It was one of those cold, crisp autum mornings, misty at first, but the sun was burning in it off as I marched up the hill. Fremantle Common looked stunning as I passed, with the last wispy traces clinging to the trees and the sun lighting up the leaves. It was tempting to walk through but I had one eye on the time so I passed by regretfully and strode on towards Peartree.
On the green the branches of the pear tree were bowed down with the weight of tiny golden pears. As I was looking up at them, wondering if they were ripe, a lady walking her dog stopped.
”Lovely aren’t they?” she said.
We talked for a while about the ancient pear tree that gave the area its name and this modern replacement.
“I’m not sure if you’re really allowed to pick them but we always do,” she said plucking a pear from a low branch and caressing it lovingly.
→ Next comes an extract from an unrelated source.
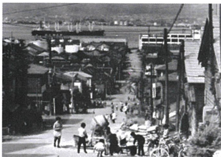
1965年代(昭和40年)の姿見坂 右建物は高松チキンの本社

業、今は廃業)。戦前は海軍の軍艦が入港すると、塩っぽい体を流そうと200名余りが一斉に訪れ、女風呂も男風呂として使用していたそう。さらに進むと大黒通りで、今は集合住宅が建てられているが、戦前は「大黒座」(演芸場)があり、いろいろないイベントが行なわれるワクワク・ドキドキ冒険心を煽る楽しい場所だった。

”They’d only go to waste otherwise, although I’ve never actually eaten one,”I admitted.
”Oh you must. They’re wonderfully juicy.
So I reached up and picked a pear myself. It felt hard and I wasn’t sure it would be ripe but, when I bit into it, it was delicious, firm, like an apple, but filled with sweet juice, just as she’d said.
Enjoying the last of the little pear, I crossed the road to check the church door wasn’t open. It rarely is but if it had been I might have abandoned my plan to walk to Hamble there and then. Peartree Church is the oldest Anglican Church in the world and, so far, I’ve never managed to be there at the right time to get a look inside. The door was shut so I walked on.
Soon I was passing under the railway bridge and entering Woolston. Once upon a time this was the only bridge on Bridge Road, now the Itchen Bridge mirrors it a few yards on and, just beyond it, is the Millennium Garden.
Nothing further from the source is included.